What you need to do
Take the lines in the listing below from the line with "State Withholding Tax" up to and including the line with "находится 2 шт." and set them down exactly, skipping pictures and adding nothing.

Source records
************

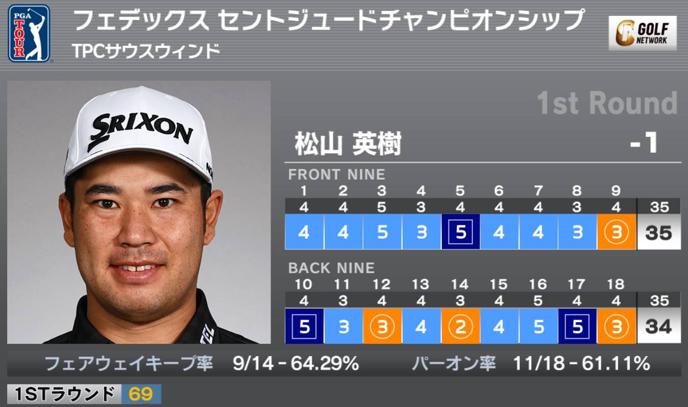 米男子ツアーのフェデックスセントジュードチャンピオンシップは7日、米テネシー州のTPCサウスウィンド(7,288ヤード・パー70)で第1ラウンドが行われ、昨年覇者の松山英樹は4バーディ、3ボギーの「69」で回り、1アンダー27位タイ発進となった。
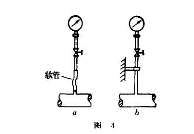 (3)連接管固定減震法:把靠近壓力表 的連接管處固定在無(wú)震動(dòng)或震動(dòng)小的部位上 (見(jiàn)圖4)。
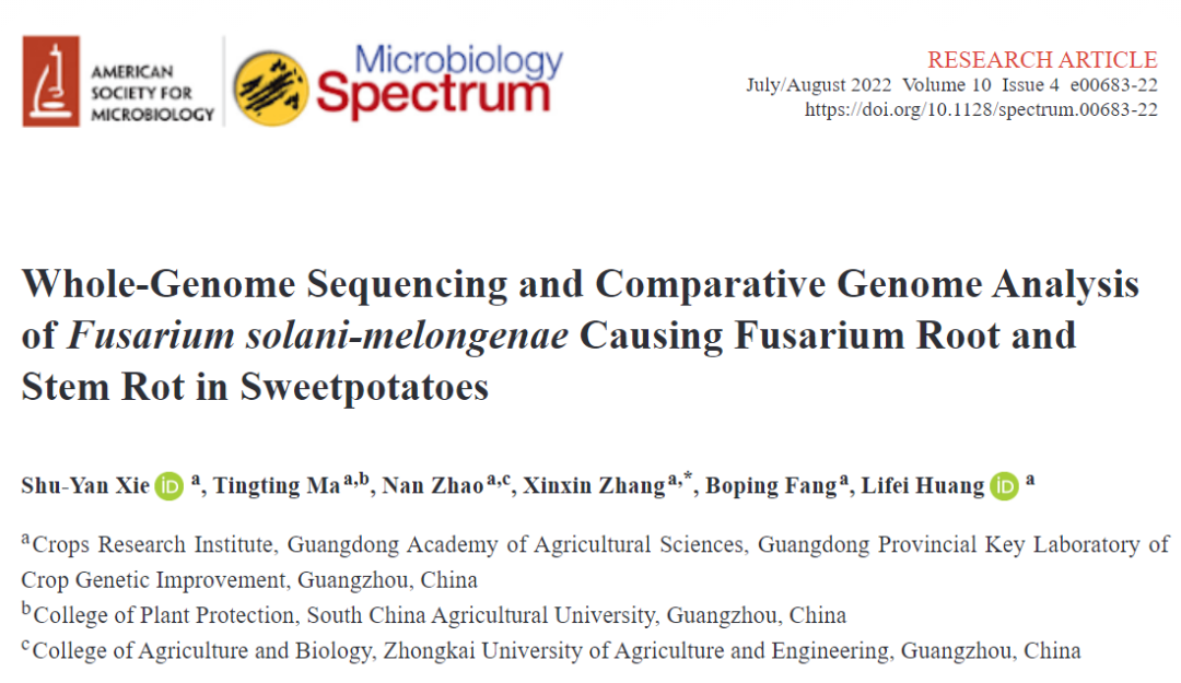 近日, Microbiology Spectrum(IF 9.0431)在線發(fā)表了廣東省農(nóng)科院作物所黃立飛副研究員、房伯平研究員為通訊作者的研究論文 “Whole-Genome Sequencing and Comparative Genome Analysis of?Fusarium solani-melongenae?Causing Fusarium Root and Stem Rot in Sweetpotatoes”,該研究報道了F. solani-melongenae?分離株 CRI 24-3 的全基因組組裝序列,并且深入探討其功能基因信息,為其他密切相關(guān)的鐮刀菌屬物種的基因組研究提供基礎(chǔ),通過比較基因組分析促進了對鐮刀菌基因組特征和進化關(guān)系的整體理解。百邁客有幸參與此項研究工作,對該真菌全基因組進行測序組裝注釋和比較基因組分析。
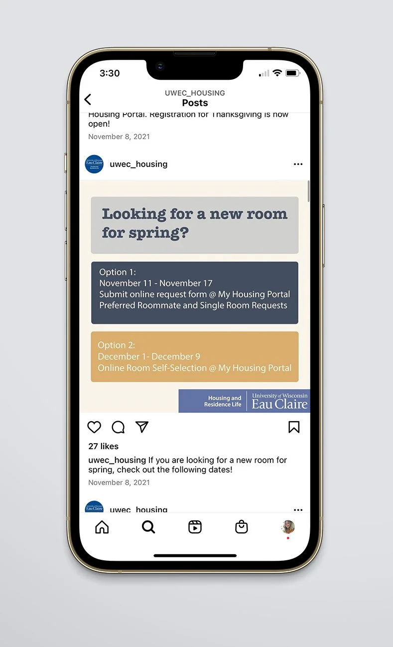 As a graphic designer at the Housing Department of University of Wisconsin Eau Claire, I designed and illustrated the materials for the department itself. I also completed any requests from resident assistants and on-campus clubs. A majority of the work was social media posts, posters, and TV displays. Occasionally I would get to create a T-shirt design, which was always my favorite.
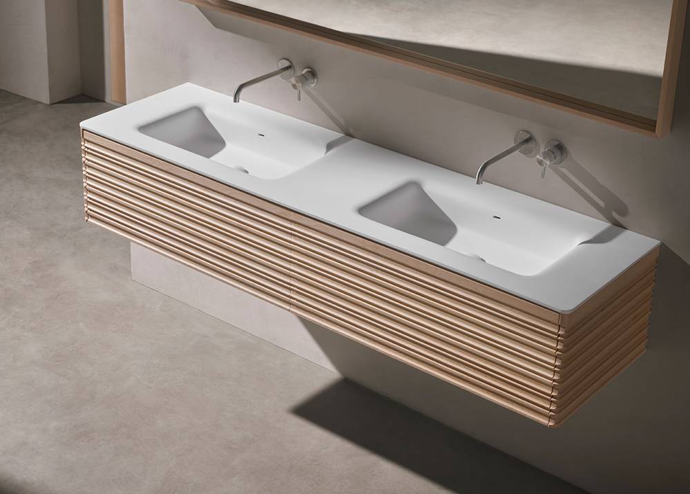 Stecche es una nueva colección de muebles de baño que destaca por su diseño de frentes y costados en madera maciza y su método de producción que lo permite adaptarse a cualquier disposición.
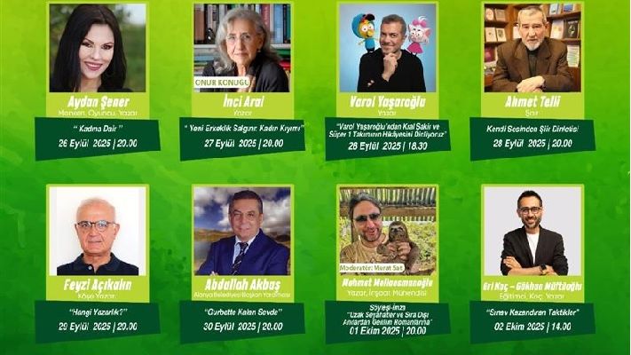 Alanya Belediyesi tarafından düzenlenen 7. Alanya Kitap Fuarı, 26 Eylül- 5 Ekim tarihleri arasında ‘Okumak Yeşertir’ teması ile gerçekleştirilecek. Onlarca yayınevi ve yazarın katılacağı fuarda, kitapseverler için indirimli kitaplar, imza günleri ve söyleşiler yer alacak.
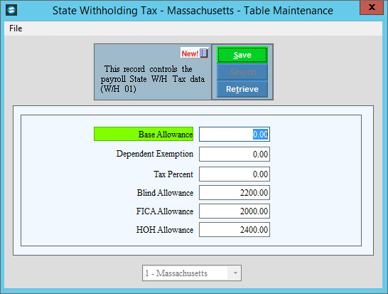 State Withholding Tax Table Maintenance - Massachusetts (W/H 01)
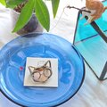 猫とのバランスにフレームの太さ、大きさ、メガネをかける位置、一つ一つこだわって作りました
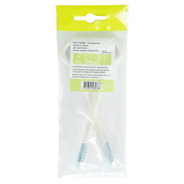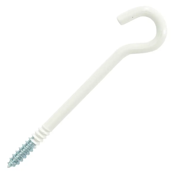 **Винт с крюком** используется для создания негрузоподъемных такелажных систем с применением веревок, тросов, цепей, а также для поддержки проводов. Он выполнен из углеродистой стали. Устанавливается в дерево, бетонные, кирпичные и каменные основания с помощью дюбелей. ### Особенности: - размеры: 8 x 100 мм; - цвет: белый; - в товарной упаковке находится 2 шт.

************

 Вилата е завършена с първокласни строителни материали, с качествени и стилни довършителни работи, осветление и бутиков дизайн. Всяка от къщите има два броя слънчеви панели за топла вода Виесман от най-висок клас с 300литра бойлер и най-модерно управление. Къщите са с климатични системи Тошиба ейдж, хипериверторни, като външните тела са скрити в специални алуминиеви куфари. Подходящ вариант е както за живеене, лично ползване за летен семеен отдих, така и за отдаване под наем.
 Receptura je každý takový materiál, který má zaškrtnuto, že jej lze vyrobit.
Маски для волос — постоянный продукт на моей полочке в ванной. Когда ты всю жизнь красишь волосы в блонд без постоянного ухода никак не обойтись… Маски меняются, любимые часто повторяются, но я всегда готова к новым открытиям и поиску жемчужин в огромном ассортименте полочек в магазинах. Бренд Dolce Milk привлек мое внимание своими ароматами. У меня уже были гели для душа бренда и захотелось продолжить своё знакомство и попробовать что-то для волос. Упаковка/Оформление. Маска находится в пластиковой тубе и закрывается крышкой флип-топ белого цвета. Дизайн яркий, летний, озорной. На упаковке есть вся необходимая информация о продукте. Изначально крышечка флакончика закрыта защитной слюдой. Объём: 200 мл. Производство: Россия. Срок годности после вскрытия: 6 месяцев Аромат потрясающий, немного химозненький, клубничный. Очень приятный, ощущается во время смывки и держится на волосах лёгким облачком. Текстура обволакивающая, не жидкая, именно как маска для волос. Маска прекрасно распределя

************

Exercise response
 State Withholding Tax Table Maintenance - Massachusetts (W/H 01)
 猫とのバランスにフレームの太さ、大きさ、メガネをかける位置、一つ一つこだわって作りました
 **Винт с крюком** используется для создания негрузоподъемных такелажных систем с применением веревок, тросов, цепей, а также для поддержки проводов. Он выполнен из углеродистой стали. Устанавливается в дерево, бетонные, кирпичные и каменные основания с помощью дюбелей. ### Особенности: - размеры: 8 x 100 мм; - цвет: белый; - в товарной упаковке находится 2 шт.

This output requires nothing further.